Sintchenko V, Gilbert G L, Coiera E, Dwyer D
Center for Health Informatics, University of New South Wales, Sydney 2052, NSW, Australia.
J Clin Virol. 2002 Jul;25(1):15-21. doi: 10.1016/s1386-6532(00)00182-7.
neuraminidase (NA) inhibitors have recently become available for treatment of influenza. Rapid antigen detection assays at 'point-of-care' may improve the accuracy of clinical diagnosis, but the value of these techniques in assisting with the appropriate use of antivirals remains controversial.
to compare the diagnostic utilities of two management strategies for influenza, empirical antiviral therapy versus therapy based on a positive rapid test result in pre-epidemic and epidemic periods.
a threshold decision analytic model was designed to compare these competing strategies and sensitivity analysis performed to examine the impact of diagnostic variables on the expected utility of the decision with a range of prior probabilities of infection between 1 and 50%.
on the basis of the calculated sensitivity (77%) and specificity (95%) of a point-of-care test for influenza, pre-treatment testing was preferred and cost-effective in non-epidemic stage of the influenza cycle. The alternative strategy of empirical treatment produces a higher utility value during epidemics, but may result in overuse of antivirals for low-risk populations. The two strategies had equivalent efficacy when the probability of influenza was 42%.

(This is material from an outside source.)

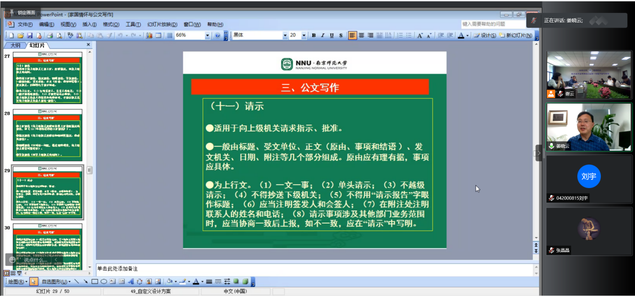 5月6日下午,91免费视频 /集成电路学院在209会议室开展了公文写作培训,培训旨在规范学院党政公文写作,提高管理水平。会议邀请了南京师范大学档案馆馆长姜晓云研究员作题为“家国情怀与公文写作”的线上培训讲座,学院党委书记聂东林、教工党支部宣传委员、机关全体工作人员、全体辅导员参加了培训,会议由学院党委副书记雷蕾主持。
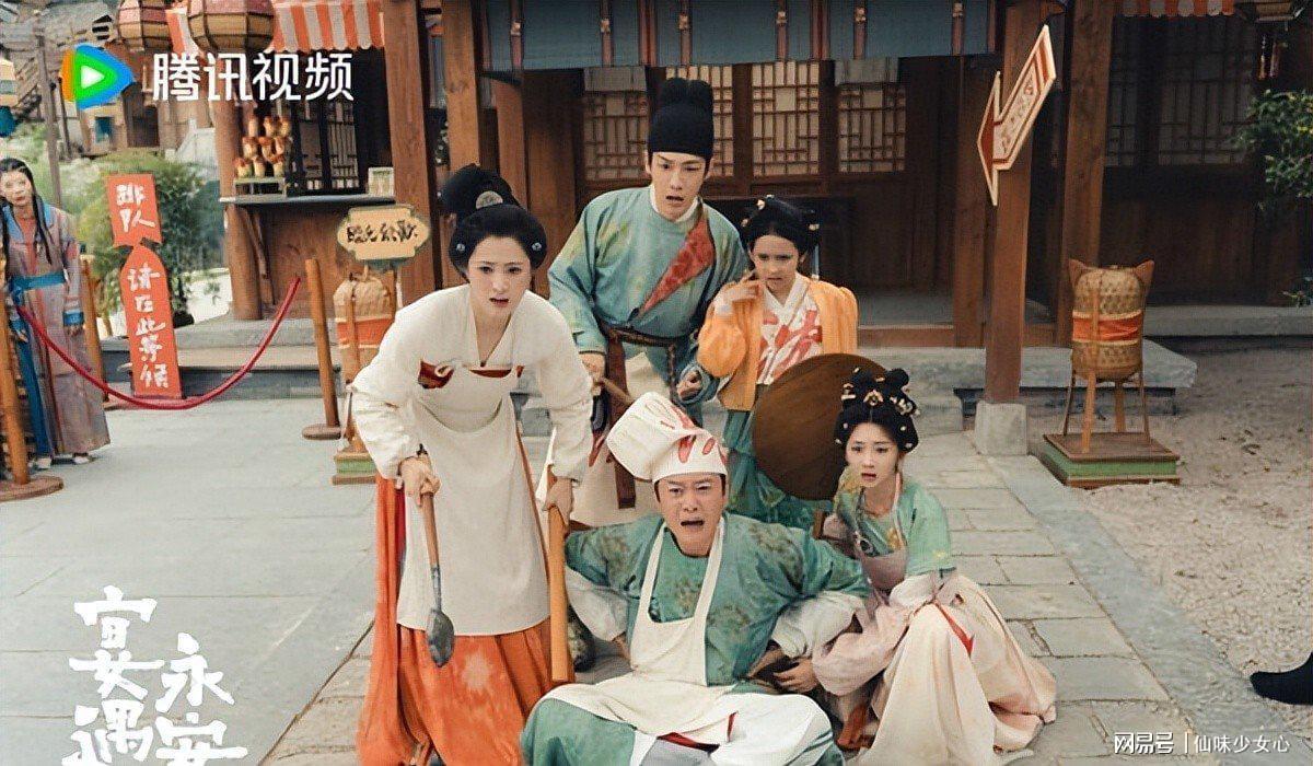 《宴遇永安》改编自人气小说《长安小饭馆》,剧情结合穿越、美食和甜宠,这部剧一样被原著书迷吐槽魔改,因此评价不高,仅5.9分,不过也有人越追越香。 《宴遇永安》是一家人集体穿越的设定,撑过开头后,美食经商线和爱情线展开,剧情挺下饭。

Patients with flu-like illness, who present outside the influenza outbreak and are considered to be at low risk for influenza-related complications, should be tested to confirm the diagnosis before starting antiviral treatment with a NA inhibitor. The most important variables in the model were the accuracy of the clinical diagnosis and the pre-test probability of influenza. A threshold probability of influenza of 42% would dictate changing from the rapid testing strategy to a 'treat regardless' strategy.
神经氨酸酶(NA)抑制剂最近已可用于治疗流感。“即时检测”的快速抗原检测方法可能会提高临床诊断的准确性,但这些技术在辅助合理使用抗病毒药物方面的价值仍存在争议。
比较流感两种管理策略的诊断效用,即经验性抗病毒治疗与基于快速检测结果为阳性的治疗策略,分别应用于流行前期和流行期。
设计了一个阈值决策分析模型来比较这些相互竞争的策略,并进行敏感性分析,以检验诊断变量对决策预期效用的影响,感染的先验概率范围为1%至50%。
根据流感即时检测计算出的敏感性(77%)和特异性(95%),在流感周期的非流行阶段,治疗前检测更可取且具有成本效益。经验性治疗的替代策略在流行期间产生更高的效用值,但可能导致低风险人群过度使用抗病毒药物。当流感概率为42%时,这两种策略具有同等疗效。
出现流感样疾病、在流感暴发期之外就诊且被认为发生流感相关并发症风险较低的患者,在开始使用NA抑制剂进行抗病毒治疗前应进行检测以确诊。该模型中最重要的变量是临床诊断的准确性和流感的检测前概率。流感阈值概率为42%时将决定从快速检测策略转变为“无论如何都治疗”策略。